(Provided information)

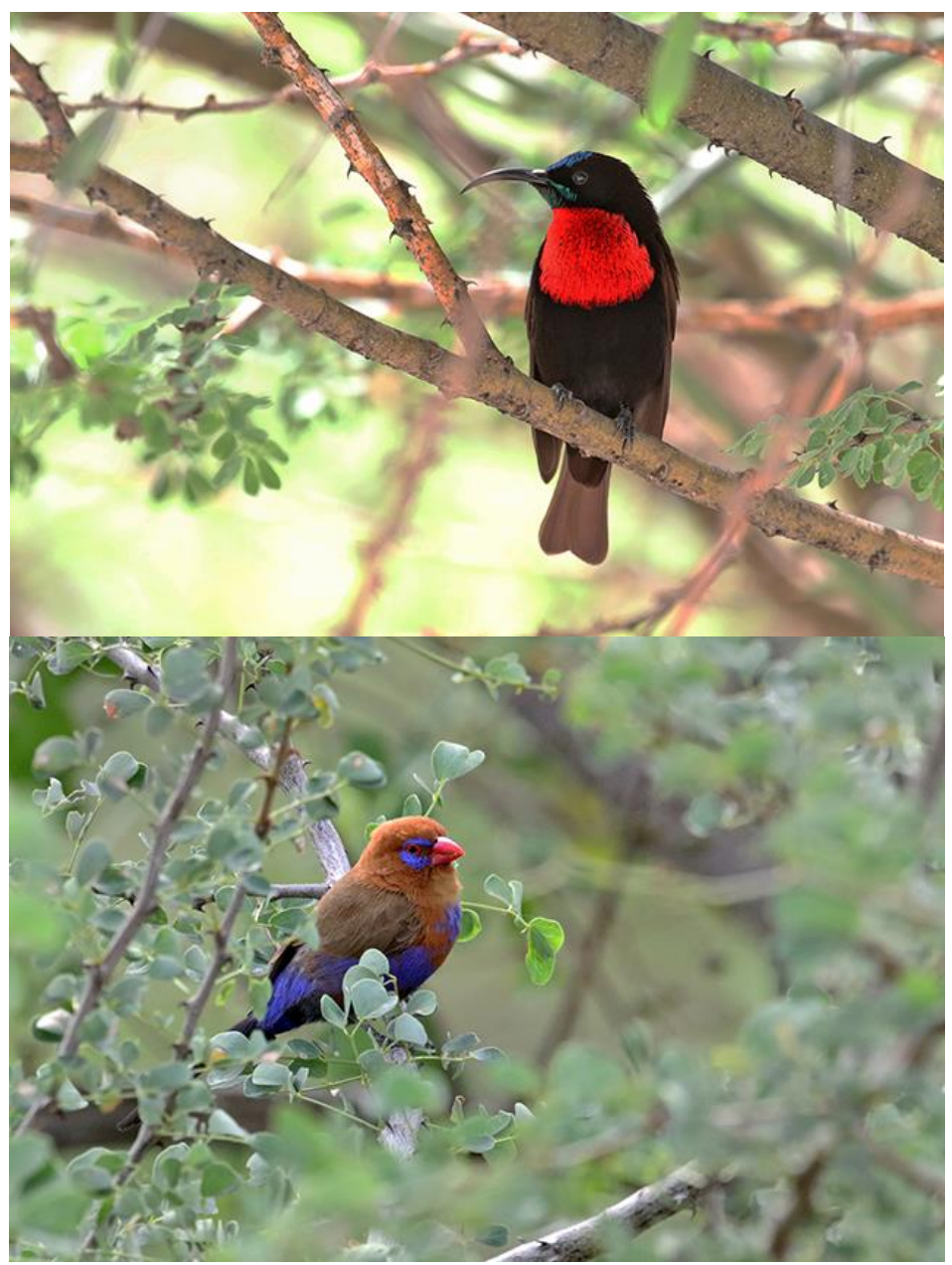
Two of Kenya's prettiest birds: Scarlet-chested Sunbird & Purple Grenadier.

We reached the parking lot of the museum and we ate our lunch under the shelter of a roof. Despite the full heat of midday, there were a surprising number of birds around us and almost every bite of our sandwiches was interrupted by another species. Here we saw Gray Wren-Warbler , Scarlet-chested Sunbird , Red-billed Quelea , African Silverbill and Yellow-spotted Bush Sparrow . After lunch we took a short walk and saw Red-and-yellow & Black-throated Barbets . We had a chance to visit the small museum with some fascinating information of the prehuman discoveries of the area. Indeed, we had so many birding stops in the morning and didn't have time to visit Lake Magadi, but not to worry, we would be visiting several similar rift lakes later in the trip. We had a few more birding stops on the way back to Nairobi adding Eastern Chanting-Goshawk , Von der Decken's Hornbill (spotted by Nyjal), both Lilac-breasted & Rufous-crowned Rollers , Buff-bellied Warbler , Red-fronted Prinia and Eastern Violet-backed Sunbird . Our last stop on the climb back up produced Augur Buzzard , Blue-capped Cordonbleu and our best views so far of Purple Grenadier . We arrived back at our hotel at a reasonable hour and some of us took advantage of a free upgrade to the adjoining 5-star hotel.
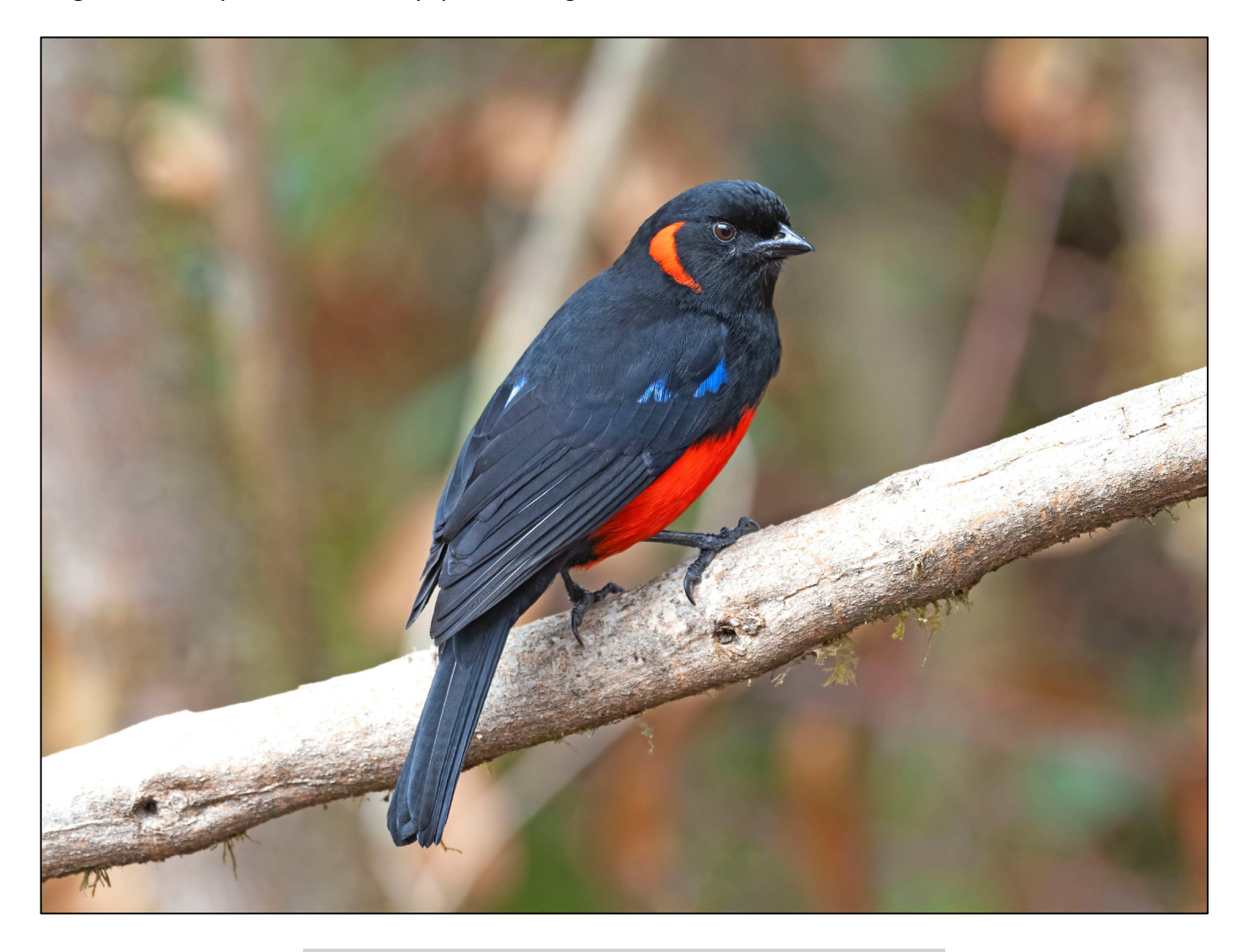
Scarlet-bellied Mountain-Tanager from Yanacocha Reserve

After a delicious lunch at the reserve we headed down towards Tandayapa, birding along the Old Nono-Mindo Road along the way with the limited time remaining. Along the upper section of this road we found Buffbreasted Mountain-Tanager, Plain-tailed Wren, Pearled Treerunner, and White-throated, Tawny-rumped and White-banded Tyrannulets. Further down the same road we found the colorful Crimson-mantled Woodpecker, Masked Trogon, Streak-headed Antbird, a few Chestnut-bellied Chat-Tyrants, and the striking White-winged Tanager. We finally arrived at Tandayapa Bird Lodge close to dusk.
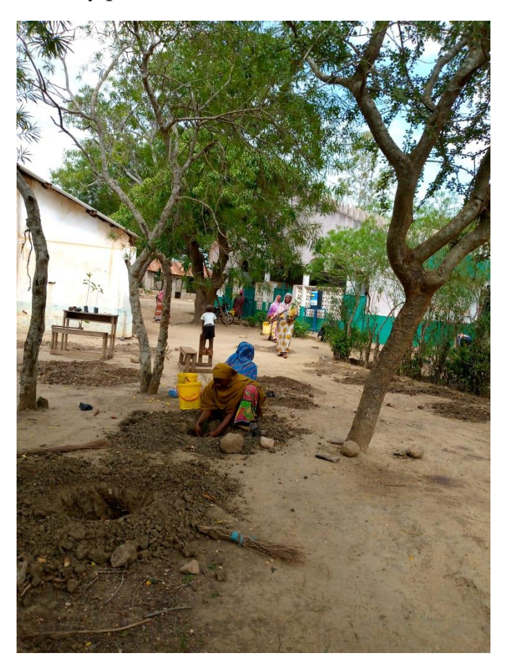
Women plant trees at the Ahlulbayt centre in Moyeni in 2020

There is an intricately close relationship between animal life and plant life. Most of the oxygen we breathe originates in the oceans from plants and plant-like organisms and trees produce approximately 30% of it. Trees are essential in the provision of shade and fresh nutrition and controlling the temperature and humidity in an area. They are vital in the prevention of soil erosion and slowing of water run-off among several other useful functions they perform.
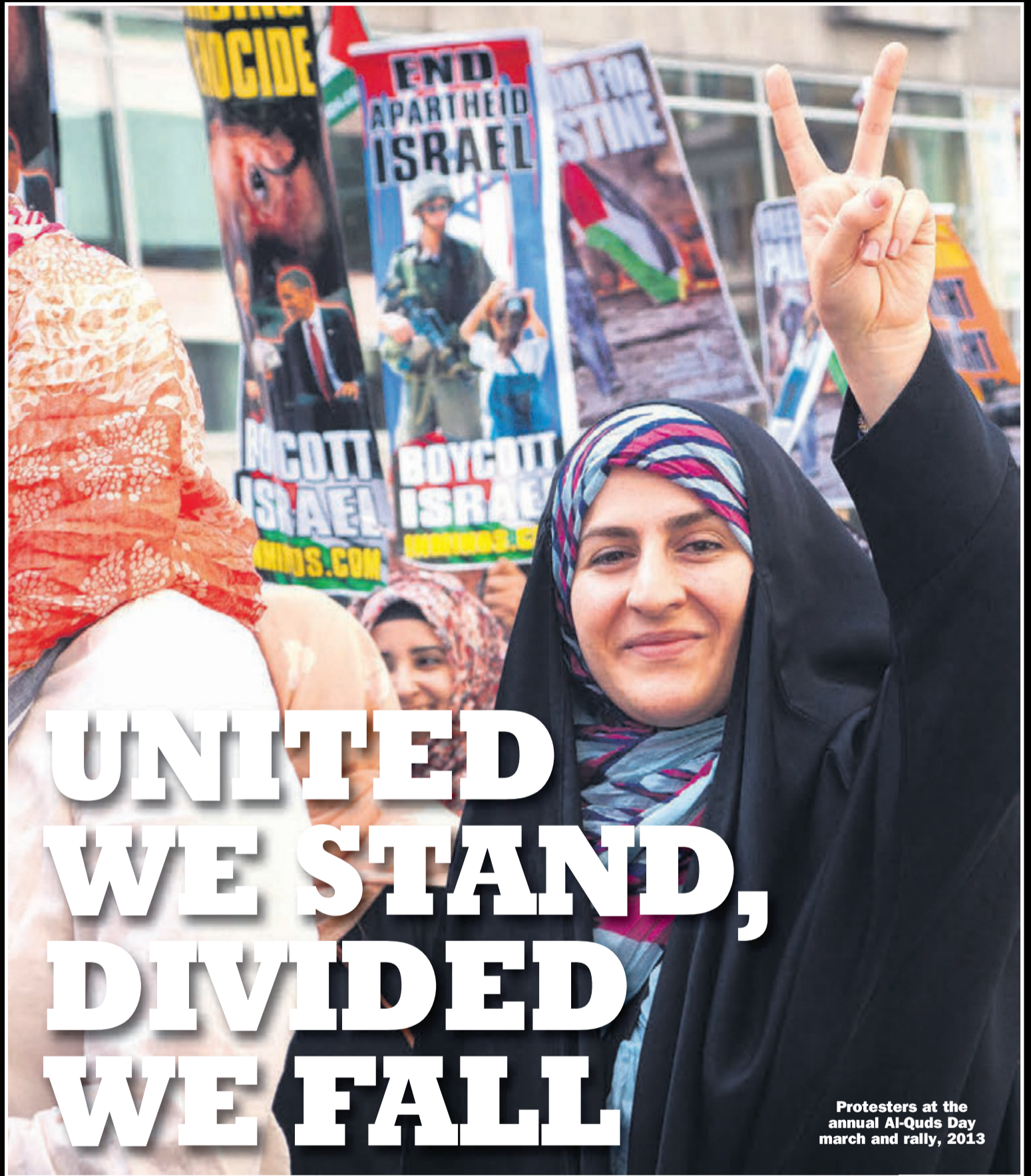
Protesters at the annual Al-Quds Day march and rally, 2013

The Islamic Human Rights Commission is an NGO in Special Consultative Status with the Economic and Social Council of the United Nations
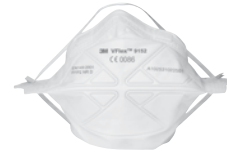
3M™ VFlex™ 9152 / 9152S Respirator
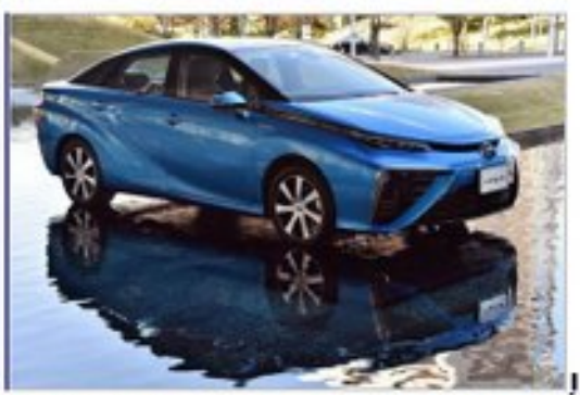
Inpanese auto giant Toyota Motor's hydrogen fael-cell whicle Mirai is displayed in Tokyo in November 2014

While most competitors are focusing on hybrids, with a heavy emphasis on battery-based models, Toyota remains skeptical about the long-term role of electric vehicle technology.
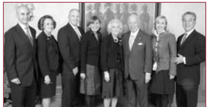
The Cooper Family
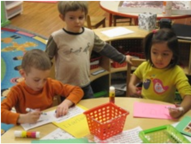
Writing work on our invitations

In the Art Area, friends drew in crayon and painted over their creations in watercolors to create crayon resist creations. Painting with fruits and vegetable to create prints followed. The writing area provided space for the children to create invitations for parents and families to announce our Big Bear plays. We measured, compared, mixed play-doh, built parking garages and rocket ships, set up stores and sold food, all in the course of a typical week.
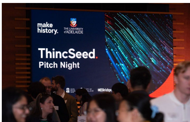
Strategic Partnership Program

MTPConnect's Global Navigator Program has assigned mentors to participating companies and begun workshops to help define market entry strategies for the companies.

(End Provided information)

**Activity**
Search the listing for the string "Toyota". Copy each line where it turns up.

**Answer for this exercise**
Inpanese auto giant Toyota Motor's hydrogen fael-cell whicle Mirai is displayed in Tokyo in November 2014
While most competitors are focusing on hybrids, with a heavy emphasis on battery-based models, Toyota remains skeptical about the long-term role of electric vehicle technology.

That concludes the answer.